Come we now to that portion of our inquiry which occupies the middle of the question; the present state and future prospects of foxhunting, being alike concerned in, and dependant upon, the preservation of foxes. It is not necessary (for, unfortunately, the knowledge, like the fact to which it relates, is too general) to particularize the countries that were abandoned, at the close of the last season, from their want of the animals of chase. In the days of our fathers there were men who, from ambition or selfish desire to possess over-loaded preserves, and manors stocked till they became nuisances, secretly connived at the destruction of foxes: none, I believe, who acknowledged or attempted to vindicate the exploit. Our sires would look with small complaisance upon the "bad pre-eminence" of those who, among us, admit, or avow, the ungenerous, un- English practice of vulpicide; but how would they regard such as adopt it as the means of exercising personal spleen-as a channel for inflicting individual annoyance? That such offences polluted the records of the last season, is as undeniable as disgraceful. In West Sussex, where, during the lifetime of that pattern of English gentlemen, the excellent Earl of Egremont, his sons, George and Henry Wyndham, kept separate packs of foxhounds, the sport of the latter has been all but annihilated, at the instance of his brother, the present proprietor of Petworth and its wide domains. The public voice proclaimed it; and as the public appeal made in these pages to Colonel Wyndham, to deny the charge, if he could, remains unanswered, it is to be implied that the accusation could not be refuted.

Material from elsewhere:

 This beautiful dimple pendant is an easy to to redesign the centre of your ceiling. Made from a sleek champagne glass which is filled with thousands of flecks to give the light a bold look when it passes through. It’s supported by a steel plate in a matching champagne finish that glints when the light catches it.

It may be said, that the vulpicide in West Sussex has already been sufficiently treated of, and exposed, in former numbers of this work; and I may be asked, why I have reverted to it here? Simply because I would select the most flagrant instance that I am cognizant of, the more effectually to arouse indignation against the practice in general, by shewing the base uses to which it has been turned in a particular instance. Surely, surely the aristocracy, the yeomanry of this great rural county, will stand forward to succour and support the first of her field sports in the day of its immediate peril-in the hour of its pressing jeopardy. To time, no doubt, it is destined to yield, and be accounted among the hearty old pastimes of merry England.

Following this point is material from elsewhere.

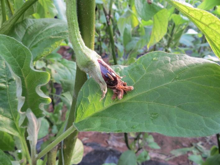 症状描述:茄子果实上的残花水烂,慢慢向果面扩展,导致果实腐烂。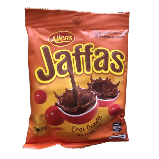 Allen’s Jaffas are chocolate balls covered in an orange flavoured shell. Bite into the crispy shell and let the choc orange flavour melt in your mouth.

Still let us not anticipate a fate, inevitable though it be. Fox-hunting has been the sport of generations of worthies, to whom we can look back with honest pride: it has stirred and fanned to ecstasy the fire of our youth; it cheers and warms the blood that age is chilling within us. Rally, then, round the good cause, sons of a soil to which the chase is native; of which it hath long been the pleasure and the pride. Let not emasculate sentimentality, pedantic presumption, or puffed-up selfishness, deprive of a single disciple a study so full of reward, a lore so emphatically natural, as THE NOBLE SCIENCE!

SCENES WITH "UNCLE SAM."

No. 9.

A NIGHT AND A DAY.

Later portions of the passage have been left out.